Given data =>
***

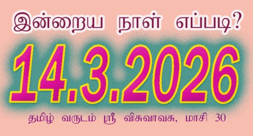 விசுவாவசு வருடம் மாசி மாதம் 30 ஆம் தேதி சனிக்கிழமை 14.3.2026.
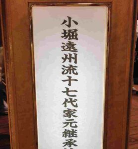 On a clear, blue-sky day in November, the grand celebration marking the succession of the 17th Grand Master of the Kobori Enshu Ryu was held at the Fuji Room of the Imperial Hotel in Tokyo.
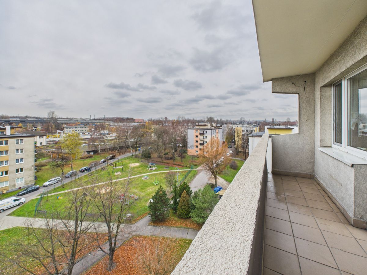 - 3 niezależne pokoje, w tym przestronny salon z wyjściem na duży balkon (6×1 m),

***

Exercise =>
Make an exact copy of the listing. Leave its pictures out.

Written answer =>
 விசுவாவசு வருடம் மாசி மாதம் 30 ஆம் தேதி சனிக்கிழமை 14.3.2026.
 On a clear, blue-sky day in November, the grand celebration marking the succession of the 17th Grand Master of the Kobori Enshu Ryu was held at the Fuji Room of the Imperial Hotel in Tokyo.
 - 3 niezależne pokoje, w tym przestronny salon z wyjściem na duży balkon (6×1 m),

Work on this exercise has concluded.